Posted on Monday, April 29, 2019 at 04:16PM by Registered CommenterSimon Ward | CommentsPost a Comment

A slowdown in Euroland narrow money in late 2017 / early 2018 suggested that the economy would lose momentum over the course of last year. Coincident economic indicators such as the purchasing managers’ surveys were riding high in early 2018 and the ECB and consensus ignored the monetary warning signal.

Could the reverse scenario be about to play out? The manufacturing PMI fell to a six-year low in March, the ECB has slashed its forecasts and commentators are warning of heightened recession risk. Previous posts, however, noted that money trends had improved since late 2018 and March data released today provide further evidence of a pick-up, as discussed below.

One difference from late 2017 / early 2018 is that Euroland monetary developments have “decoupled” from trends in the US and China. Then, Euroland weakness was part of a synchronised global monetary slowdown, suggesting that economic growth would be held back by net exports as well as domestic demand. Now, global money trends have yet to echo the Euroland pick-up, implying that the trade drag may persist.

There are, moreover, downside economic risks from US trade policy and Brexit. These risks are probably dampening business “animal spirits”, in turn implying that any economic pick-up could be muted and / or delayed.

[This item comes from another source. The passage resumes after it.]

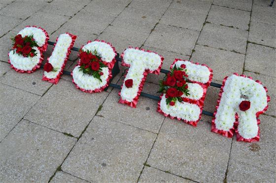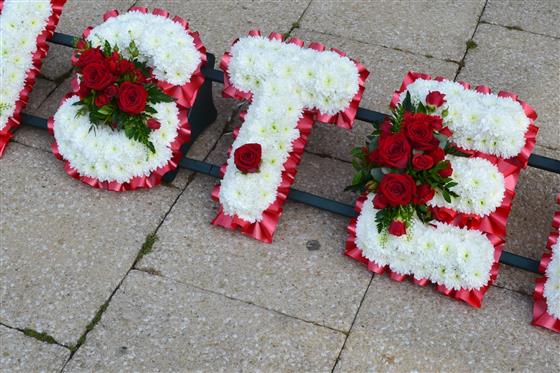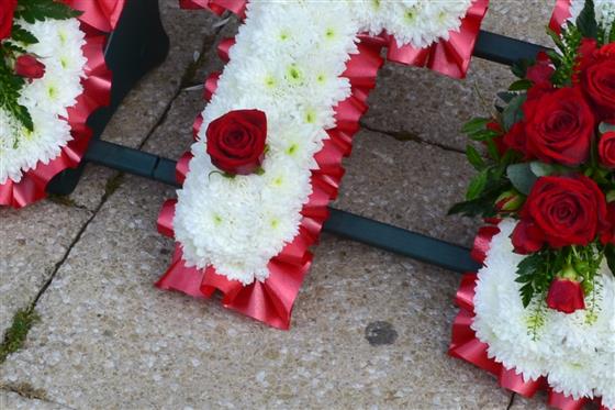 A very personel tribute, edged in red ribbon with white chrysanthemum base and red flower clusters including roses. other colour options available.
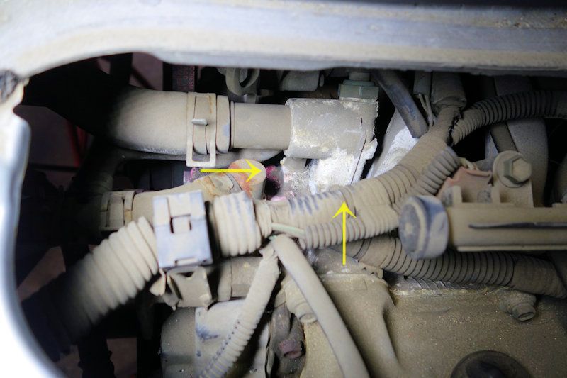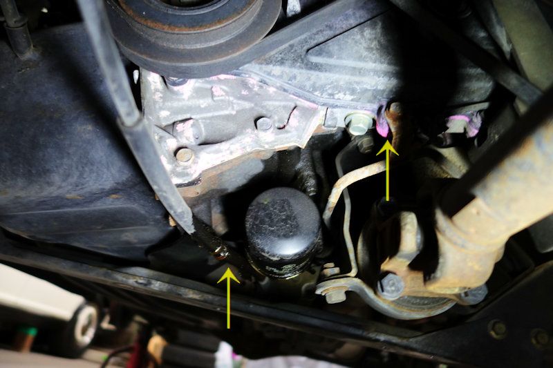 エンジンの下部は、やはりピンクの粉が吹き、オイルも滲んでいます。

Stronger monetary trends, nevertheless, are judged here to warrant shifting to a positive view of Euroland economic prospects relative to a gloomy consensus. Recession fears, in particular, appear groundless – barring trade / Brexit shocks.

Annual growth of narrow money, as measured by non-financial M1, stabilised around year-end and rose to 7.9% in March, a 14-month high, suggesting that annual nominal GDP expansion will recover later in 2019 – see first chart.

Growth of the broad non-financial M3 measure also increased further, to 5.1%. The headline M1 / M3 money measures are lagging the non-financial aggregates tracked here but have also shown a clear acceleration recently – second chart.

Six-month growth of real non-financial M1 (i.e. deflated by consumer prices) continued its recovery from a low reached in July 2018 and is high by current global standards – third chart*.

Overnight deposits within non-financial M1 break down into household and corporate components; both are expanding solidly – fourth chart.

Deposit growth remains strongest in France and Spain but there was a notable pick-up in Germany last month, while Italy continues to lag – fifth chart.

*Latest data = March except for UK (February).